Known for her height and strength, Ashcroft mainly operated as a full-back. She was known as the "best defender since Alice Kell" but she could also play in an attacking role when required.

== Personal life ==
In 1926 Ashcroft joined the Whittingham County Mental Asylum in Goosnargh as a nurse. In 1936 she married her husband Joshua, who died just twelve years later. They had two children. She rarely spoke to her family about her time as a footballer, although they later described her as a "life-long lover of football" and recalled her watching Match of the Day every weekend.

==Death and legacy==
After Ashcroft's death in 1973, her grandson Steve Bolton found cases of photographs and documents in his father's attic, which inspired him to write an article about her and publish it online. After reading the article, local actress Michelle Crane wrote a short film, Granny, exploring both Ashcroft's career and how her family came to rediscover it. The film premiered at the Genesis Cinema in London in 2022 and was later accepted at the New York Independent Film Festival.

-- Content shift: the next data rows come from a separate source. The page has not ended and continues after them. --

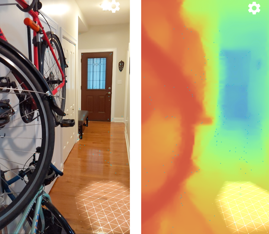 Dengan Depth API, Anda dapat mengambil gambar kedalaman yang cocok dengan setiap frame kamera. Gambar kedalaman yang diperoleh memiliki stempel waktu dan intrinsik bidang pandang yang sama dengan kamera. Data kedalaman yang valid hanya tersedia setelah pengguna mulai menggerakkan perangkat, karena kedalaman diperoleh dari gerakan. Permukaan dengan sedikit atau tanpa fitur, seperti dinding putih, akan dikaitkan dengan kedalaman yang tidak akurat.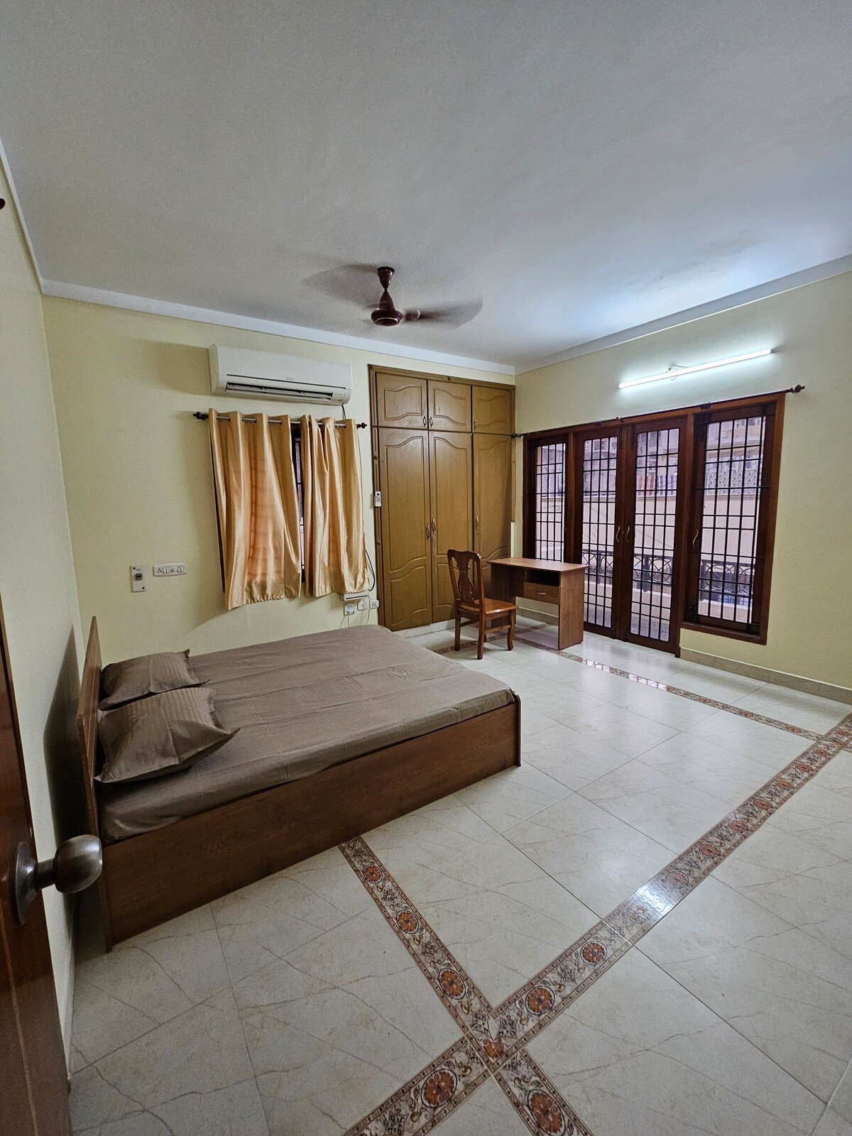 Đưa cả gia đình đến nơi tuyệt vời này với rất nhiều không gian ở Tầng trệt. Tối đa 5 người có thể ngủ thoải mái trong Phòng với 2 điều hòa nhiệt độ và 1 phòng không điều hòa có bồn tắm đính kèm. Phòng sẽ được phân bổ dựa trên số lượng khách. Đề cập đến số lượng khách ở lại. Vui lòng yêu cầu số lượng phòng cần thiết . Nơi ăn uống có 2 ghế và Phòng khách có 2 ghế. TV và bàn làm việc có WIFI miễn phí Cổng vào để mở khu vực lối đi phụ. Có bãi đỗ xe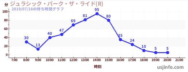 • ジュラシック・パーク・ザ・ライド(R)$B$N(B2019年07月18日の待ち時間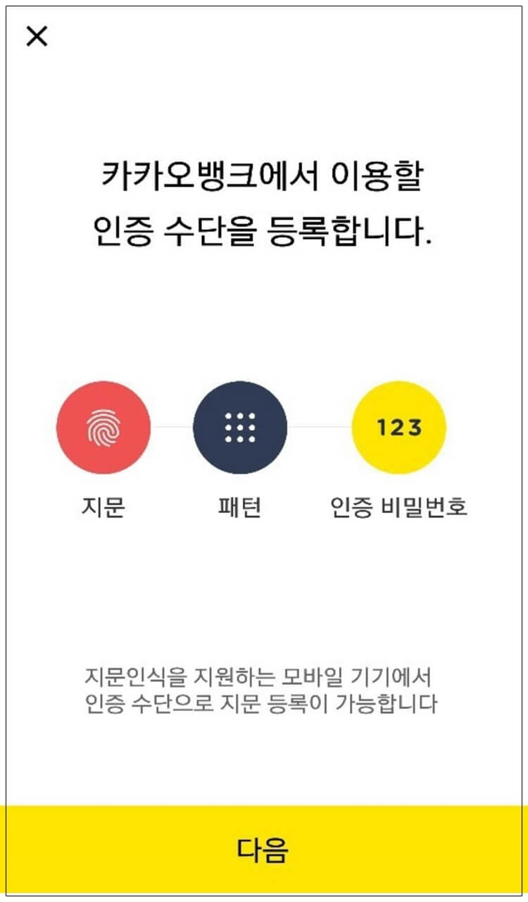 실명정보 확인을 위한 성명과 주민번호 입력 > 휴대폰 본인확인 > 카카오 뱅크에서 이용할 인증수단 등록.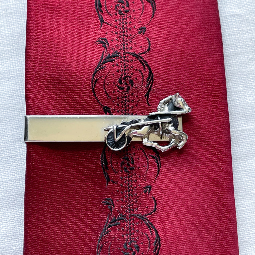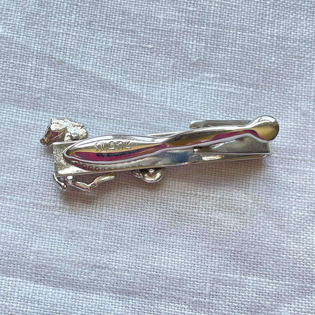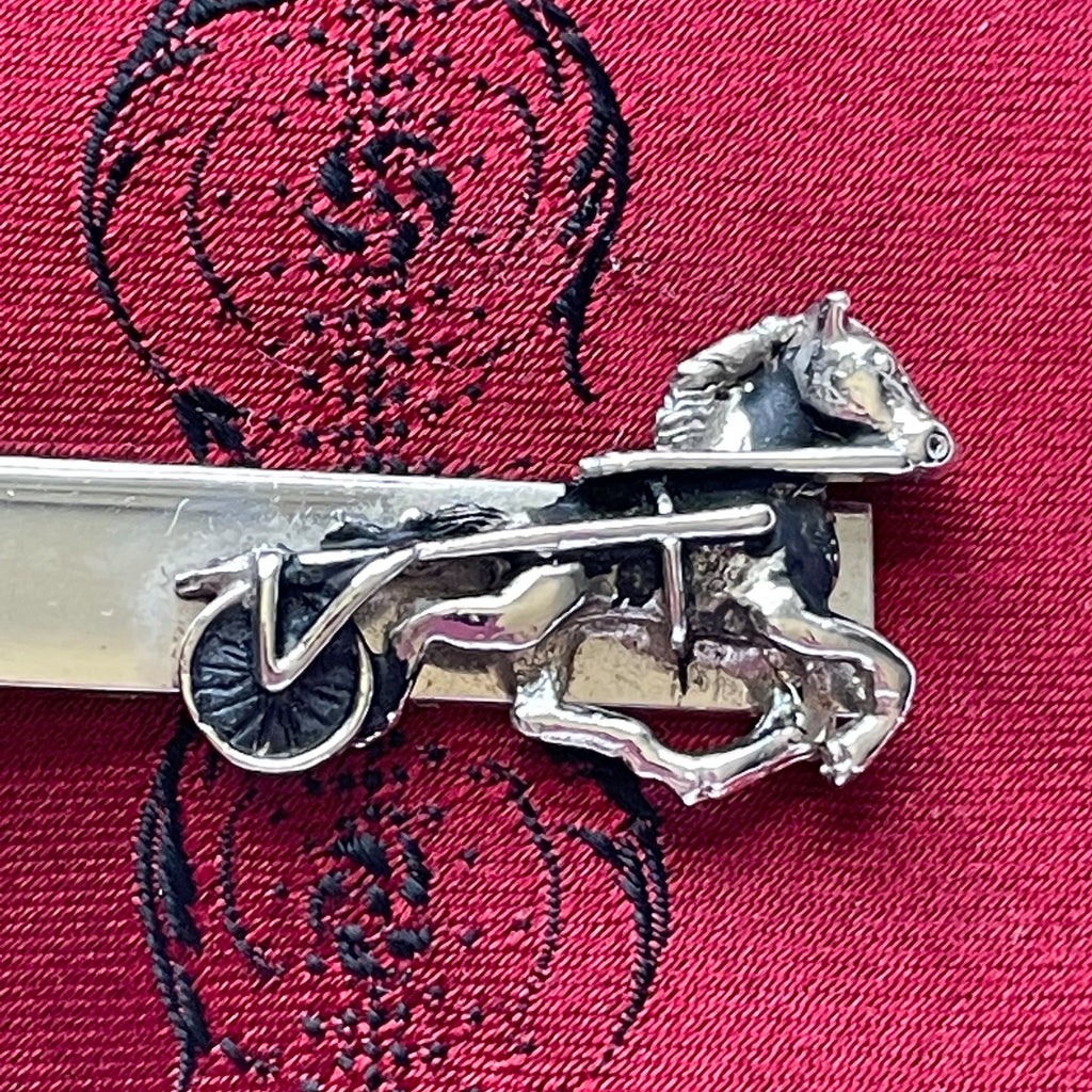Vintage MCM silver tone tie clip with a dimensional raised horse with a harness.
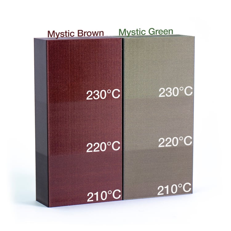 Optické vlastnosti filamentu se mění v závislosti na tiskové teplotě. Čím vyšší teplota trysky při tisku, tím lesklejší výsledný model bude.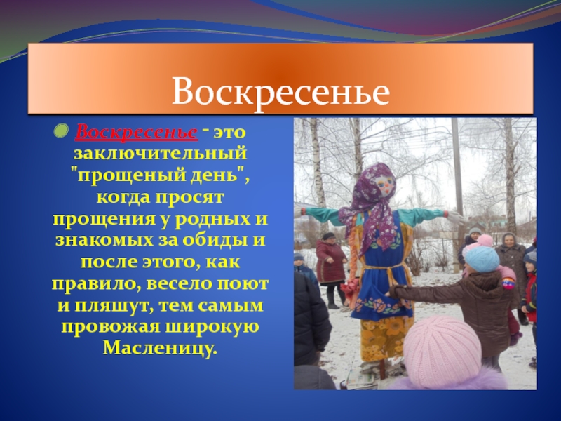 и знакомых за обиды и после этого, как правило, весело поют и пляшут, тем самым провожая широкую Масленицу.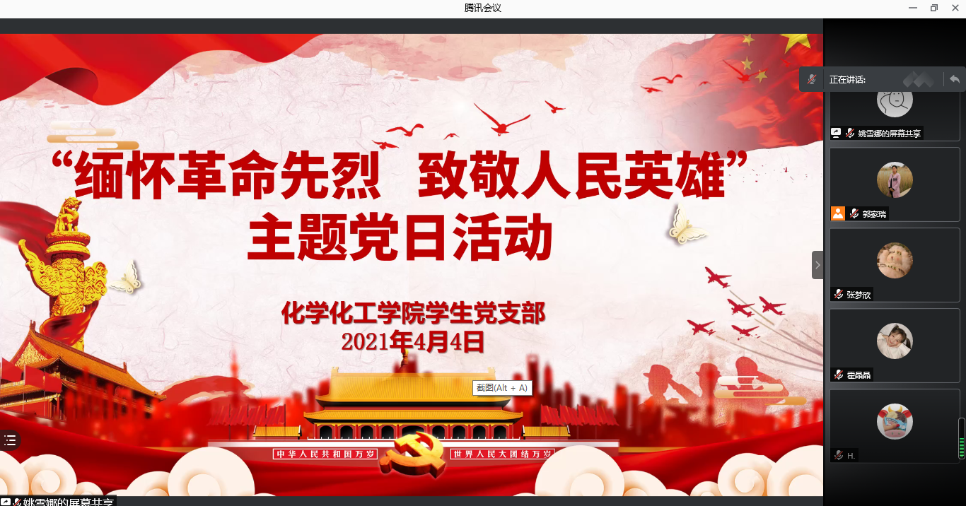 为缅怀英烈、铭记历史,牢记初心,勇担使命,4月4日清明节,beat365英国官网网站学生党支部在线开展了“缅怀革命先烈,致敬人民英雄”主题党日活动,向所有为民族独立、人民幸福而牺牲的先烈英雄致敬。全体学生党员和党支部书记参加活动。

Bolton donated his grandmother's photographs to the National Football Museum in Manchester. Several of Ashcroft's photographs are featured in a permanent exhibition at the museum about Lily Parr, which opened in 2021 to mark the 100th anniversary of the FA's ban on women's football. Items from the Ashcroft collection were featured in an exhibition celebrating the history of women's football at the Queen's Theatre in Hornchurch in 2023.

In 2025 a blue plaque was placed in her memory in St Helens.